GPTQ (Frantar et al., 2022) quantizes model weights to INT4 or INT8 using an approximate second-order optimisation that minimises the reconstruction error for each layer. It produces GPU-optimised files distinct from the GGUF/llama.cpp ecosystem.
How GPTQ Works
For each linear layer, GPTQ solves: "given that I must round these weights to N bits, what rounding minimises the Hessian-weighted squared error?" The Hessian (curvature of the loss w.r.t. weights) is approximated from a calibration dataset of ~128 samples.

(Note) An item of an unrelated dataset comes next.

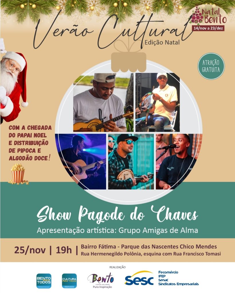 Nesta segunda e terça-feira (15 e 16), a Edição Especial do Verão Cultural segue sua programação nas comunidades. No bairro São Roque as atrações artísticas serão conduzidas pelo Pagode do Chave e pela EEEF General Amaro Bitencourt. Em caso de más condições climáticas, o evento será transferido de local para as dependências do SCFV Balão Mágico, Rua Giácomo Baccin, 667, bairro Aparecida. Já no Licorsul, na Capela Santa Catarina, terá a apresentação do Pagode do Chaves e da EMI Espaço dos Sonhos. Em caso de más condições climáticas, o evento será transferido de local que será anunciado em breve. Em todas as datas, o público será recebido com a chegada do Papai Noel, que participa das atividades com crianças e famílias e haverá distribuição de pipoca e algodão-doce. A edição especial de Natal do Verão Cultural é realizada pelo Sesc em parceria com a Prefeitura Municipal, por meio das Secretarias de Cultura, de Turismo e de Educação e integra a programação oficial do Natal Bento. Programação 15/12 – São Roque SHOW PAGODE DO CHAVES Apresentação artística: EEEF General Amaro Bitencourt Local: Praça São Roque – Paróquia São Roque (R. Ricardo Fianco, 06 – São Roque) Horário: 19 horas 16/12 – Licorsul SHOW PAGODE DO CHAVES Apresentação artística: EMI Espaço dos Sonhos Local: Bairro Licorsul (Capela Santa Catarina – Rua Rosa Tesheiner, 130) Horário: 19 horas Assessoria de Comunicação Social Prefeitura
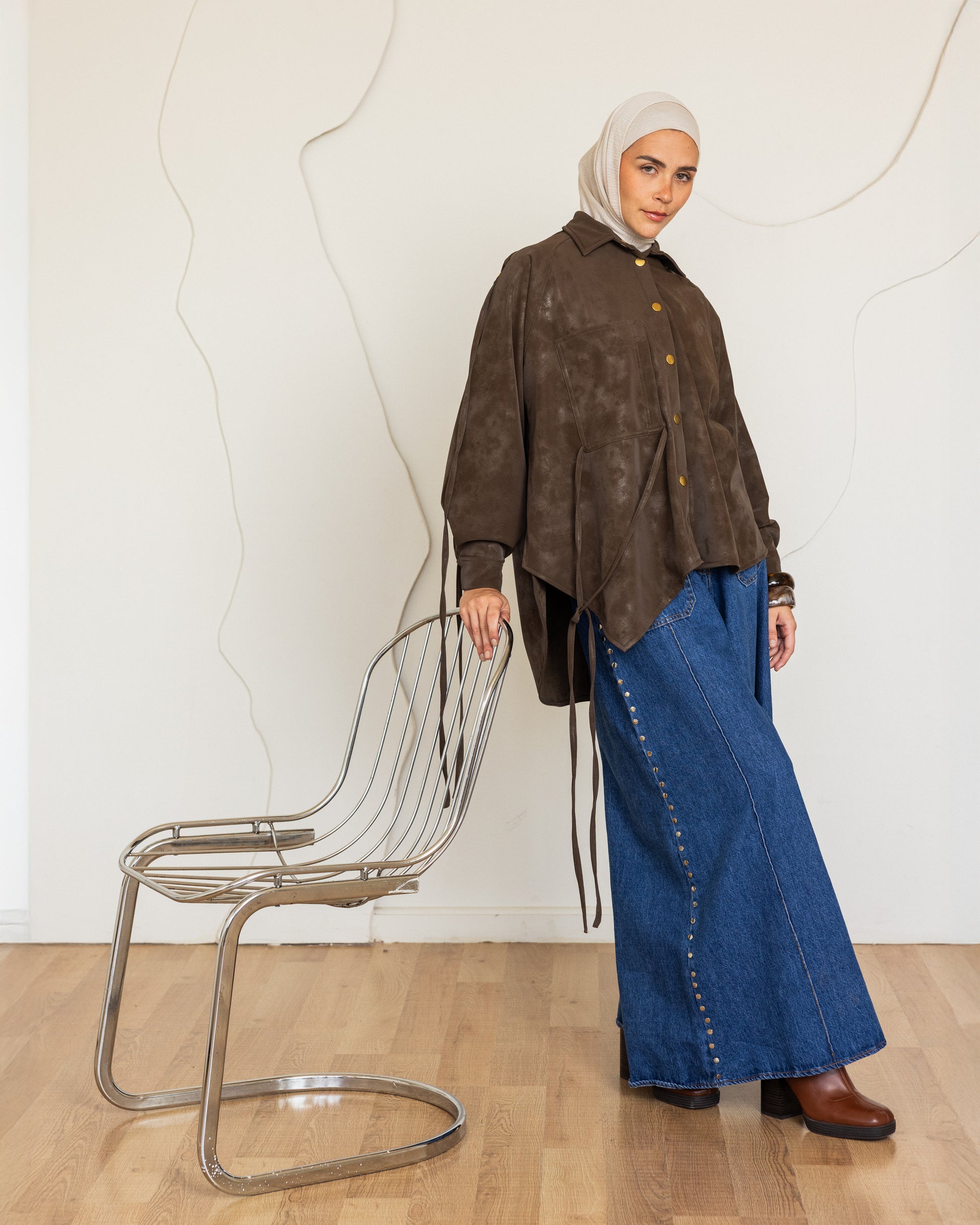 SUEDE EFFECT LEATHER SHIRT - BROWN

The process is run layer by layer (column-wise within each layer) and takes hours on a large model but only once per model.
GPTQ vs GGUF Comparison
| Dimension | GPTQ | GGUF (Q4_K_M) |
|---|---|---|
| Target hardware | NVIDIA/AMD GPU | CPU, Apple Metal, GPU |
| Inference engine | AutoGPTQ, ExLlamaV2, vLLM | llama.cpp, Ollama, LM Studio |
| GPU throughput | Faster (INT4 tensor cores) | Slightly slower on pure GPU |
| CPU support | Poor/none | Excellent |
| Quality at INT4 | Slightly better | Very close (K-quants) |
| Quantize cost | Hours + calibration data | Available pre-quantized |
Alternatives to GPTQ
AWQ (Activation-Weighted Quantization)
Protects salient weights identified via activation magnitude. Similar quality to GPTQ, faster quantization. Supported by vLLM and TGI.
EXL2 (ExLlamaV2)
Mixed-precision GPTQ variant. Assign different bit depths per layer based on sensitivity. Can match Q6 quality at Q4 average bit depth. Fastest GPU inference available.
Why It Matters for On-Premise
If your on-premise server has one or more discrete NVIDIA GPUs and uses vLLM or ExLlamaV2, GPTQ/AWQ models will outperform equivalent GGUF models in throughput. For mixed CPU+GPU or Apple Silicon deployments, stick with GGUF.